WorldVision Canada’s Toycen says faith and his ability to sleep anywhere, help him cope with emotions of disaster zones.

Nino Meese Tamuri, Dylan Robertson and Georgia Williams interview Dave Toycen, World Vision Canada

by     Nino Meese-Tamuri

It was a scene of a nightmare. Refugees were scattered across the tormented country. Many had lost their home, family and friends. Countless bodies lay in the streets waiting to be buried. The stench of genocide was all too present. This was Rwanda in 1994 and Dave Toycen, CEO and president of WorldVision Canada, was there shortly after the guns became silent. In an exclusive interview with Centennial College students, Toycen described how he deals with working in disaster zones.

“[Back then,] coming back after having been in the genocide area of Rwanda for a few weeks, you’re just relieved [being back on the plane home] because it was so intense. The death and destruction was just so overwhelming,” said Toycen.

In his 36 years of development work, Toycen has been to countless disaster zones across the world and has seen many of these nightmare scenes of human suffering. In order to prevent it taking a toll on him personally, he had to develop coping methods and strategies that work for him.

“If it was still as raw as it was when I first travelled in 1976 and I was still feeling everything the same today, I am not sure if mentally or emotionally I could survive,” said Toycen. “You develop a bit of a callous just so that you can keep your mind on the needs of the people and not on the way you’re feeling. Sometimes the pity we feel is more about the way we’re feeling and not necessarily about the people [themselves].”

Toycen said that over the years he developed a particular coping mechanism that helps him through the emotionally rough stretches on his missions. He said that he feels fortunate to be in a unique position to help. Toycen often reminds himself that through communicating his experiences on the ground to those back home in Canada he may be able to raise enough awareness to initiate relief efforts.

Another major pillar of his coping mechanism is his faith. Toycen, a devout Christian, finds relief in regular prayers, reading the Bible and particularly in reflecting on the story of the life of Christ.

“The story of the life of Christ is a great example to me. There was great humanity there, but there was also great stoicism and willingness to suffer,” outlined Toycen, saying he sees the similarities to his work environment. “Jesus – for Christians – was the son of God and yet despite all the miracles that he did, he still didn’t heal everybody. Even the son of God had to live with the reality of suffering.

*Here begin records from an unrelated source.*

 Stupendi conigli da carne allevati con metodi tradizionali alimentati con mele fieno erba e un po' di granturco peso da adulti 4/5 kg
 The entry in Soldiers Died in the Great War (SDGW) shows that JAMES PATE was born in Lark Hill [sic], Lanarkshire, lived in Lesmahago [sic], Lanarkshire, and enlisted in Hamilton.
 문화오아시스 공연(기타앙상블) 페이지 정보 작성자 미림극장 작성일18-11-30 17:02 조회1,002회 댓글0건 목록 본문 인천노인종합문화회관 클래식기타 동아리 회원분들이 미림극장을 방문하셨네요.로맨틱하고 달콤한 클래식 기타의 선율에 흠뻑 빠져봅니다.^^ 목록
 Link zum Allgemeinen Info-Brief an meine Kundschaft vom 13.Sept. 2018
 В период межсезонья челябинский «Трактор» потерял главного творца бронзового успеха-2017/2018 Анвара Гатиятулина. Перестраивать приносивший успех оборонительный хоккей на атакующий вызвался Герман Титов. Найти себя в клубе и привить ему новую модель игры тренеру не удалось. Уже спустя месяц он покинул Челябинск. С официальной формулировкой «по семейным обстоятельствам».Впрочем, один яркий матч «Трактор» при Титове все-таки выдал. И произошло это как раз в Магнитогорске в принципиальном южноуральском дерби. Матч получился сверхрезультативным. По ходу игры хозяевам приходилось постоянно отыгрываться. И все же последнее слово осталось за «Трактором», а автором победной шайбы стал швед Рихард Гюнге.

Even Hecouldn’t fix it all.”

But there are also many surprising and uplifting experiences to be found amidst all the suffering.

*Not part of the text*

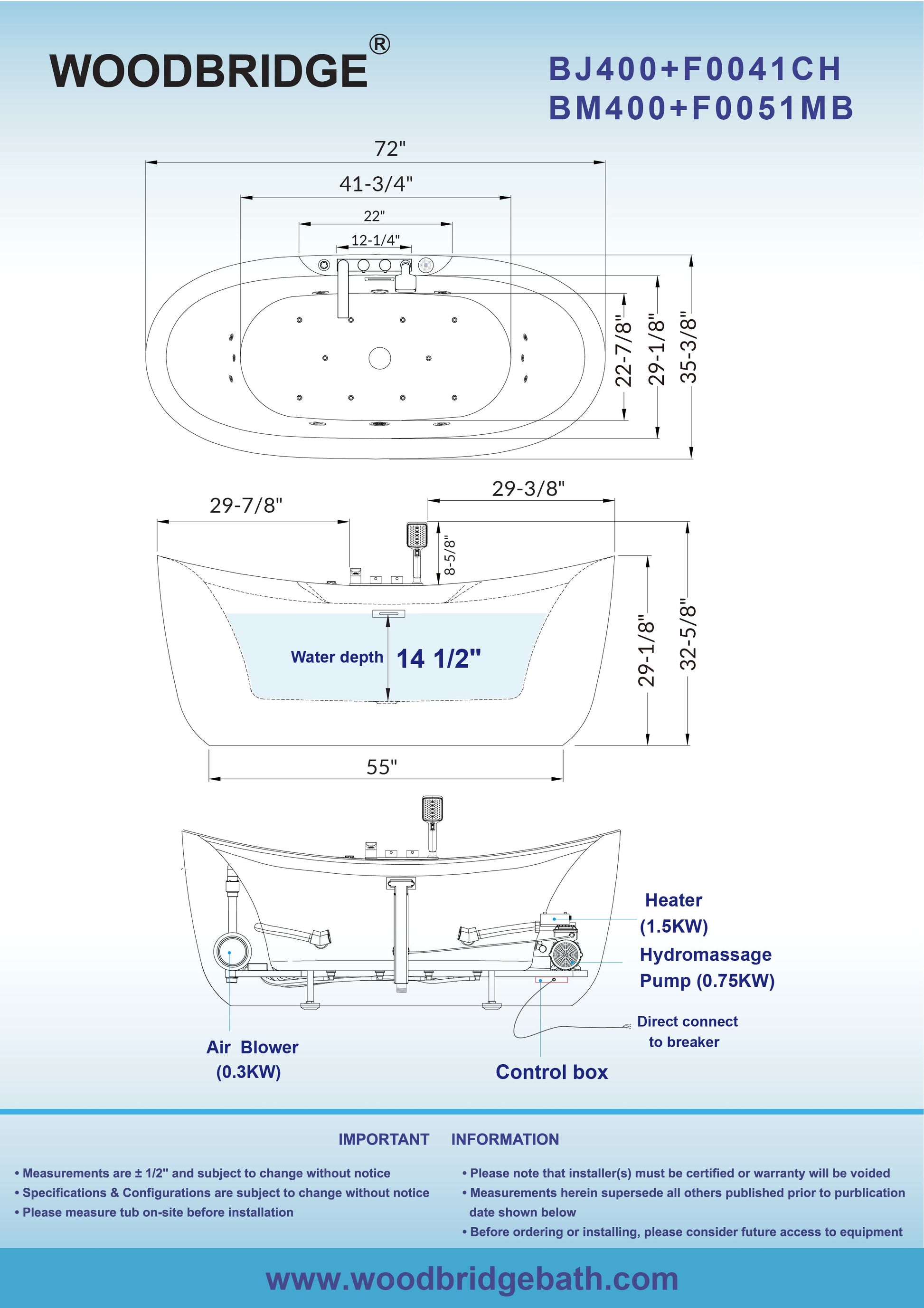 [DIMENSIONS AND SPECIFICATIONS]: Exterior Dimension: 72" L x 35-3/8" W x 32-5/8" H – Effective Tub Capacity: 65 Gallons; Seating Dimension: 41-3/4" L x 22-7/8" W, Water Depth to Overflow: 14-1/2". Power Requirements: 1 Dedicated 120V 30AMP Breakers

“One of the most amazing things to me is the level of generosity that people still have in the middle of disaster,” said Toycen. “I have had these experiences frequently from people, who – from our point of view – have nothing to give because they’re in such a terrible situation.”

On his most recent trip to Mali – a country currently suffering from drought and a widespread famine looming on the horizon – local villagers offered Toycen a basket full of freshly grown vegetables as a thank you gesture. Toycen had to refuse, knowing that there were still hungry children in the community. He instead offered to come back when the harvest is good and accept the gift then. It was a difficult balancing act for Toycen.

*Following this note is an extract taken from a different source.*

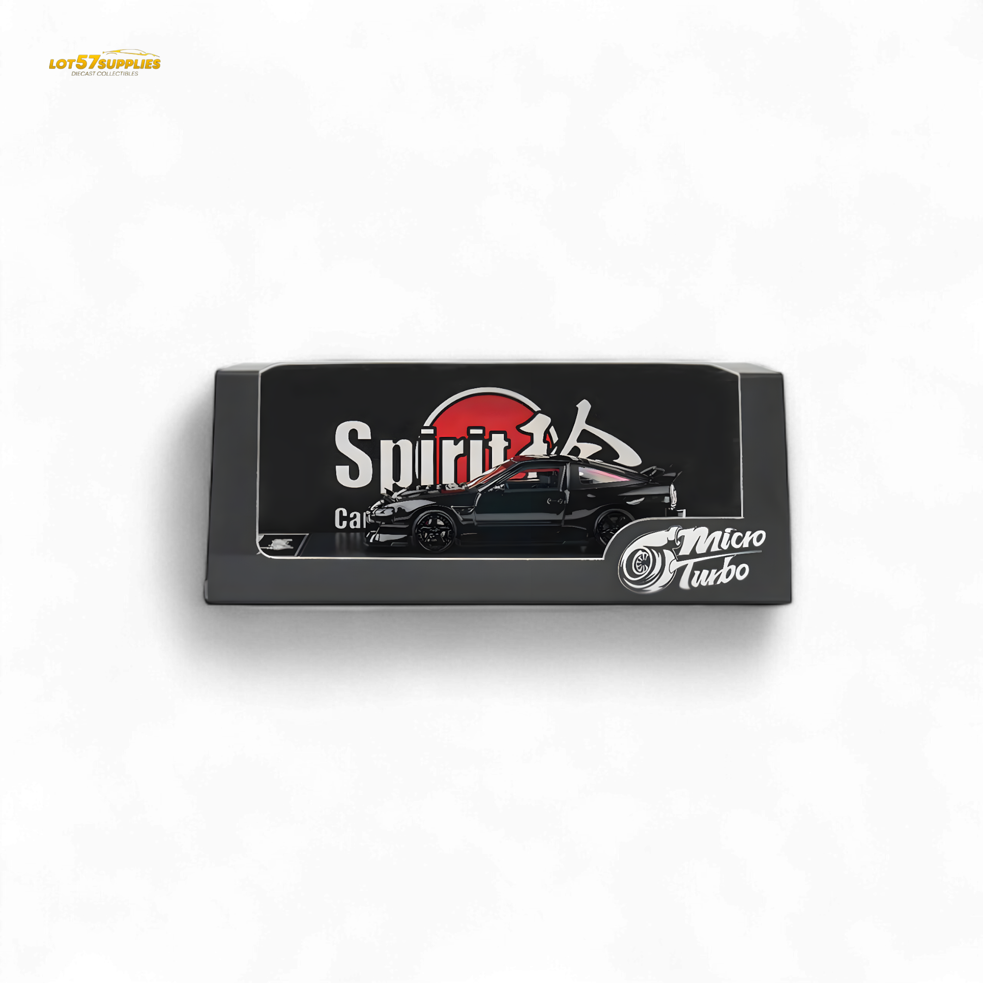 Features the Spirit Rei body kit in a sleek piano black finish, with functional pop-up headlights, bearing wheels, detailed engine bay, custom interior upgrades, and sharp-edged two-tone wheels.

“These are things you have to learn. As a westerner, our first reaction is that we mustn’t [accept gifts] because they need it. But, it’s very important to allow people who are poor by our standards to express what they have to give to you,” said Toycen. “I discovered that people can be incredibly poor, but it’s amazing how creative they can be of finding something that offers hospitality to you. It is an extremely important value in most developing world cultures.”

However, Toycen’s ultimate tool in his coping methods arsenal is being a deep sleeper.

“I can sleep anywhere which can be quite helpful in my line of work,” said Toycen. Thankfully for Toycen, the horrifying images of his work don’t haunt him in his dreams: “I don’t recall ever to have had a nightmare about my work.”